The registry populates its database by crawling the web for static ai-catalog.json manifests.

  1. Crawling Loop: Regularly scan known domains, fetch https://<domain>/.well-known/ai-catalog.json, and parse the entries array.
  2. Domain Ownership Security: Before indexing a tool entry, you MUST verify domain authority to prevent spoofing:
    • Extract the domain root from the logical URN identifier (e.g., urn:ai:google.com:tax-agentgoogle.com).
    • Verify that the FQDN hosting the manifest matches this domain, OR cryptographically verify the trustManifest.identity using did:web rules.
    • Rule: If untrusted.com publishes a manifest containing an entry for urn:ai:google.com:tax-agent, the registry MUST reject it.

Step 2: The Semantic Vector Index

To enable semantic natural language search, the registry must index capabilities using vector embeddings.
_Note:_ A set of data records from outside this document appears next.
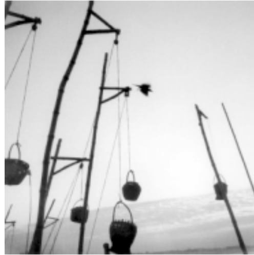
© Graciela Iturbide, Ritual en Varanasi, India, 1999.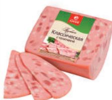
КОЛБАСА "КЛАССИЧЕСКАЯ С ТЕЛЯТИНОЙ" ВАР., ВНМД, 400 ГР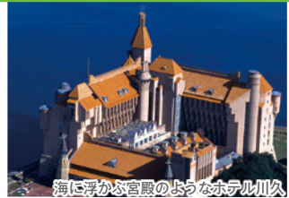
海に浮かぶ宮殿のようなホテル川久

[ai-catalog.json] ──> [Embed representativeQueries] ──> [Store in Vector DB]
[POST /search Query] ──> [Embed Query Text] ──> [Cosine Similarity Search]

1. Indexing (Write Path):

  1. For each ingested tool entry, extract the representativeQueries array and the description.
  2. Pass these text strings through a standard embedding model (e.g., text-embedding-004) to generate dense vector representations.
  3. Store the resulting vectors in a vector database (such as pgvector, Qdrant, or Pinecone) mapped to the tool's URN identifier and endpoint url.

2. Searching (Read Path):

  1. When a client calls POST /search with a natural-language text query:
    • Generate an embedding vector for the incoming query string.
    • Perform a cosine similarity search in the vector database to find the closest matching tool embeddings.
  2. Convert the mathematical similarity distance to the standard score (0–100).
  3. Return the ranked results array.

Step 3: Executing Federation (auto mode)

If a client requests federation: auto in their search query, the registry acts as a federated coordinator:

  1. Local Query: Execute the similarity search against the registry's local database.
  2. Upstream Relay: In parallel, forward the exact POST /search request to alternative registries listed in the local referral index.
  3. Merge & Re-rank:
    • Collect all result sets.
    • De-duplicate entries by their primary key URN identifier (giving preference to the highest score or verified signature).
    • Re-sort the merged list by score and return the unified results to the client.